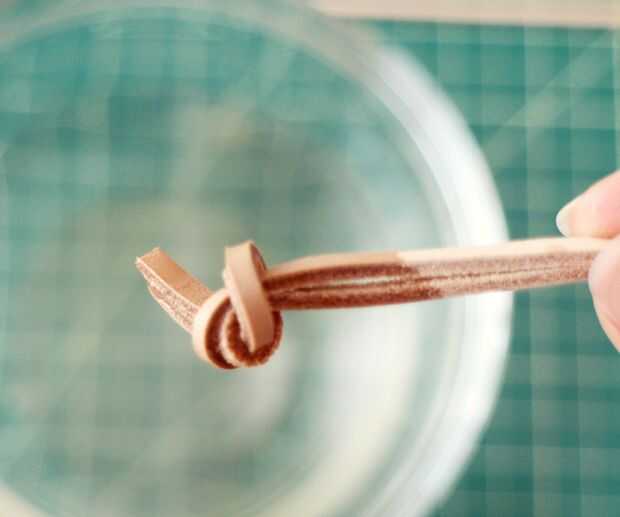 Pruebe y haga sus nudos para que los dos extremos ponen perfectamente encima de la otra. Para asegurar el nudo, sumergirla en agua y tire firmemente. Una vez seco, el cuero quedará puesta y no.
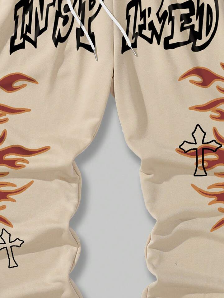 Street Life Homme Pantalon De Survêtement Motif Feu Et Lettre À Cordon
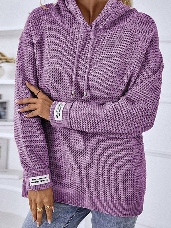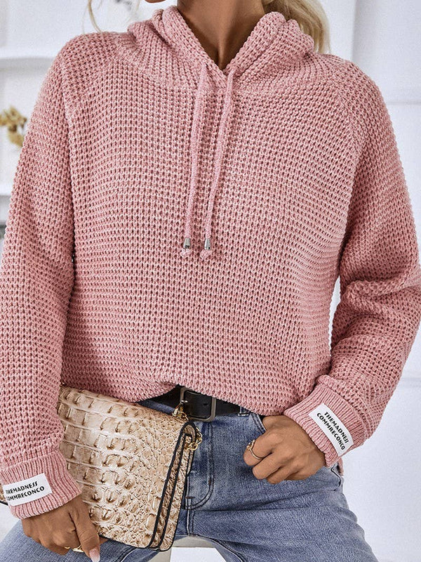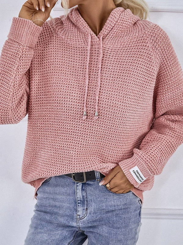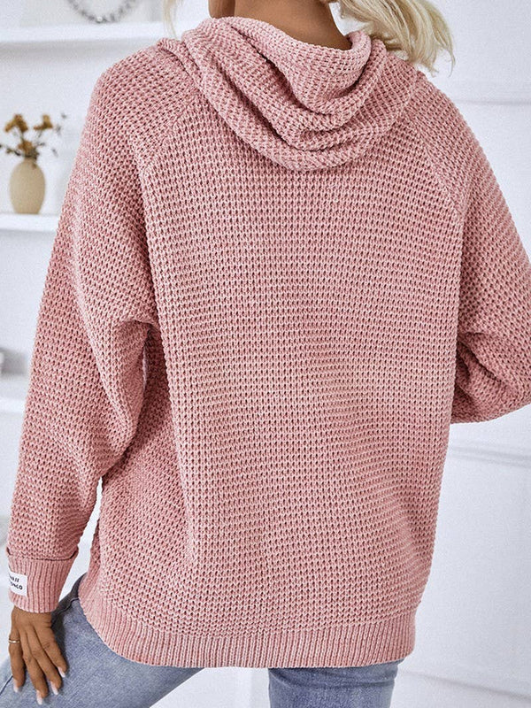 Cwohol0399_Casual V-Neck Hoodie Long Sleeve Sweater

——————

PROBLEM: Your copy of the data should match it exactly, apart from the images, which are omitted.

RESULT FOR THIS EXERCISE:
 Pruebe y haga sus nudos para que los dos extremos ponen perfectamente encima de la otra. Para asegurar el nudo, sumergirla en agua y tire firmemente. Una vez seco, el cuero quedará puesta y no.
 Street Life Homme Pantalon De Survêtement Motif Feu Et Lettre À Cordon
 Cwohol0399_Casual V-Neck Hoodie Long Sleeve Sweater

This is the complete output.